Another hypothesis of Salinas et al. (2013) is that a higher elevation increases the prediction accuracy. In this context we found remarkably divergent results for summer and winter low flow. Whereas our findings for summer low flow are in line with Salinas et al. (2013), we could not identify a clear tendency for winter low flow. Catchments located in lowlands and mountainous areas have a somewhat larger ANECV than catchments with an elevation between 450 and 1500 m. This suggests that winter low flows are more predictable in colder mid-mountain catchments than in warmer lowland catchments, where occurrence of frost events varies from year to year. Finally, we can show that prediction accuracy is increasing with catchment size, which is fully consistent with Salinas et al. (2013).

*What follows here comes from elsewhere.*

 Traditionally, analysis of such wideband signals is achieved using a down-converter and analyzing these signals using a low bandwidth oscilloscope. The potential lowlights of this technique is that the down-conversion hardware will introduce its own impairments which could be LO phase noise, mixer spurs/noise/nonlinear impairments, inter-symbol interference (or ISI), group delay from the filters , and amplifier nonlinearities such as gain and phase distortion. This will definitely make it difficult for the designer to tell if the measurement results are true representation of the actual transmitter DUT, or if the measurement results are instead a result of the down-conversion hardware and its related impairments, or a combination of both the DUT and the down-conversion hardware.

Another finding of (Salinas et al.2013) that is not captured by Fig. 9 is that predictions of low flows in cold climates are reaching a lower prediction accuracy than in humid and thus warmer climates. A comparable effect can be observed when comparing the results for winter low flow and summer low flow, where the best-performing model in winter has a RCV2 of 0.70 and 0.86 in summer. This divergence can be explained by the more complex hydrological processes of winter low flows (Salinas et al.2013). It is shown here that this performance gap applies to seasonal climates with a warm season and a frost period in the same way as between cold and humid climates.

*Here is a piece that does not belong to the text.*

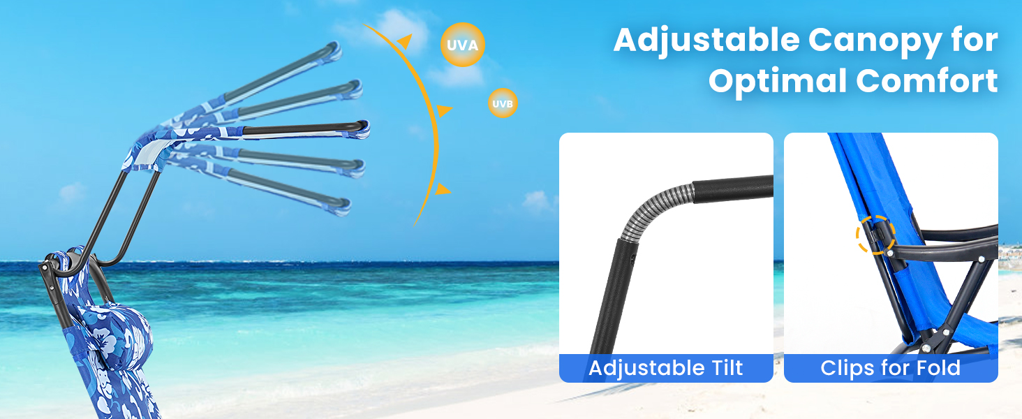 PREMIUM MATERIALS - Crafted from high-quality, UV-resistant Oxford fabric and supported by a sturdy steel frame.The adjustable canopy and removable headrest pillow provide extra comfort and protection from the sun, enhancing your outdoor experience

Figure 9ANECV for summer and winter q95 as a function of the aridity index (a), elevation (b), and catchment area (c). Only the best-performing models are shown (winter SVR, summer GAM, both without variable preselection). The box plots summarize the ANECV averaged over all 10 CV runs for each of the 260 stations.


5.3 Linear vs. nonlinear models

All studies that conducted a comparative assessment of statistical learning models for low-flow estimation highlighted that nonlinear models are superior with respect to linear approaches (e.g., Worland et al.2018; Ferreira et al.2021; Zhang et al.2018; Tyralis et al.2021). In principle this is consistent with our findings, where winter low flow is best predicted by the SVR model and summer q95 is best approached by the GAM model. However, we showed that linear statistical learning models such as GLM or sPLS perform almost as well in our study. To shed more light on this issue, we assessed the relative value of the GAM over the GLM boosting model in more detail. Both models are equivalent in case of linear relationships, but the GAM offers the possibility of extending the GLM with nonlinear relationships if these improve the model. The comparison shows that the GAM is selecting additional nonlinear effects to increase the goodness of fit. However, the additional effects do not increase the predictive performance of the model. In fact, the RCV2 of the GAM is only 1 % higher for summer but 3 % lower for winter low flow when using the model without variable preselection. This suggests that nonlinear processes, which are to be expected in such a heterogeneous study area as Austria, can be sufficiently captured by the superposition of linear terms, so there is no need to add nonlinear effects or to use a nonlinear model. This is additionally supported by the performance of the three variable ranking methods. The nonlinear approach of conditional forest leads only to a small reduction of the set of predictors, with performance similar to (winter q95) or worse than (summer q95) the two linear ranking methods.

6 Conclusions

In this study we investigated a broad range of statistical learning methods for a comprehensive dataset of 260 catchments in Austria. The results showed that all statistical learning models perform well and are therefore well suited for low-flow regionalization. Performance is particularly high for summer low flow (RCV2=0.86) but still leads to satisfactory results for winter low flow (RCV2=0.70). The best-performing models are support vector regression (winter) and nonlinear model-based boosting (summer), but linear models exhibit similar prediction accuracy. No superior model could be found for either low-flow process, as relative differences between learning methods are actually small. The models perform similarly to or slightly better than a top-kriging model that constitutes the current benchmark for the study area.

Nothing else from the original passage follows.